Alfons Goppel was a German politician of the CSU party and Prime Minister of Bavaria.
11 Facts About Alfons Goppel
Alfons Goppel was born in Reinhausen, one of the nine children of the baker Ludwig Goppel and his wife Barbara.
Alfons Goppel married Gertrud Wittenbrink in 1935 and they had six sons.
Alfons Goppel joined the state prosecutors office in 1934 and was posted to Mainburg, Kaiserslautern and finally Aschaffenburg.
Alfons Goppel joined the conservative Bavarian People's Party in 1930 and was a member until the party's self-dissolution in November 1933.
Alfons Goppel joined the SA and the NSDAP in the following years.
Alfons Goppel took part in the campaigns in France and Russia in the German Wehrmacht during the Second World War and later became an instructor at the Infanterieschule Doberitz, near Berlin, a training camp of the German army.
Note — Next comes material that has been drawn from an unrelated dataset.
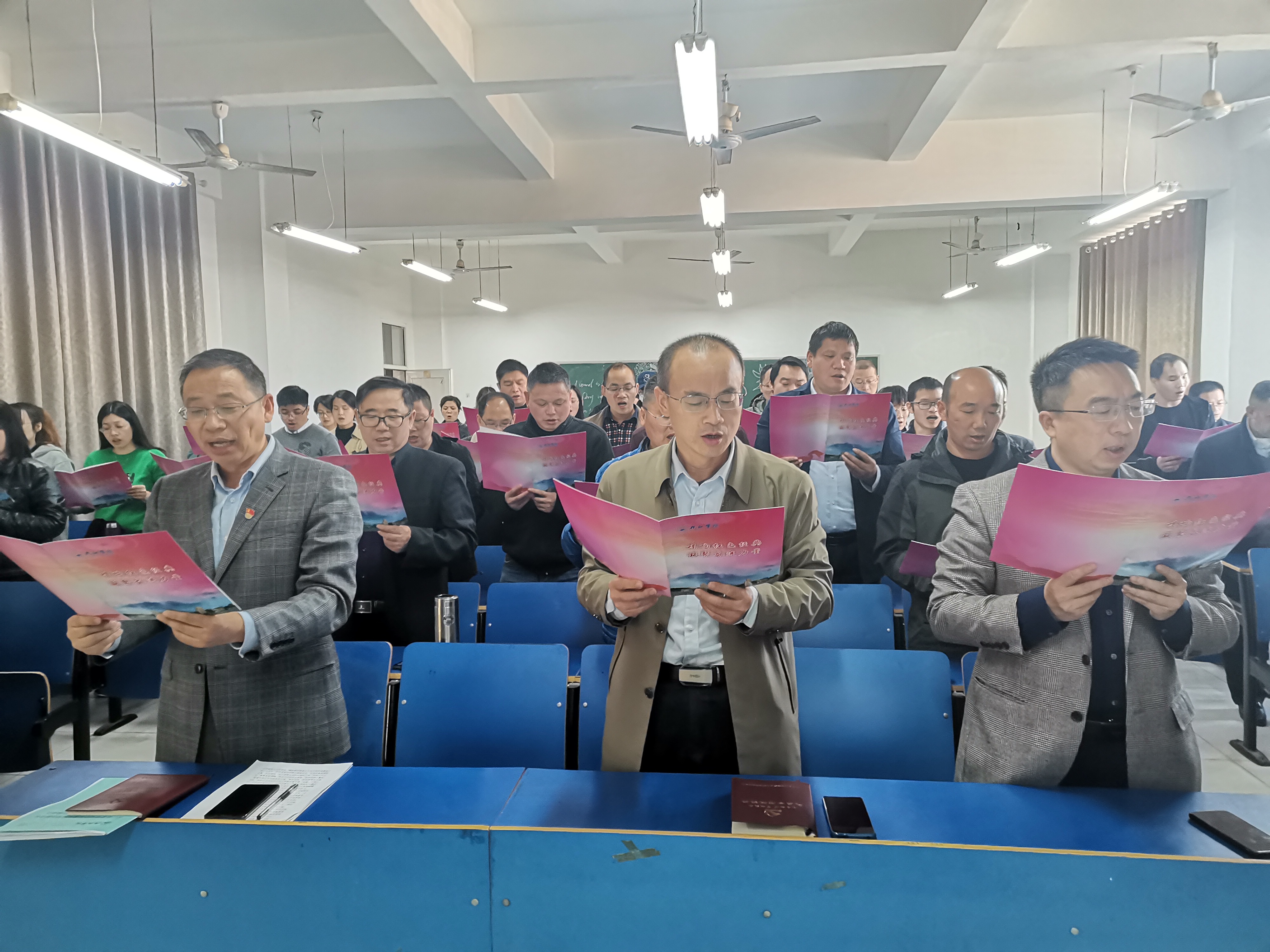 会议前,学院全体领导班子成员和全体教师齐唱红色歌曲《我们走在大路上》。会上,漆晗东书记领学了《建设具有强大凝聚力和引领力的社会主义意识形态》等文件。

Alfons Goppel was elected to the Bavarian Landtag in October 1947 but barred from taking up his seat due to his political past.
Alfons Goppel remained in the Bavarian parliament until 1978, when he gave it up to become a member of the European Parliament.
Alfons Goppel unsuccessfully ran for mayor of Wurzburg in 1956 and became an under secretary in the Bavarian Ministry of Justice the year after.
One of his sons, Thomas Alfons Goppel, later served amongst others as Minister of Science, Research and the Arts.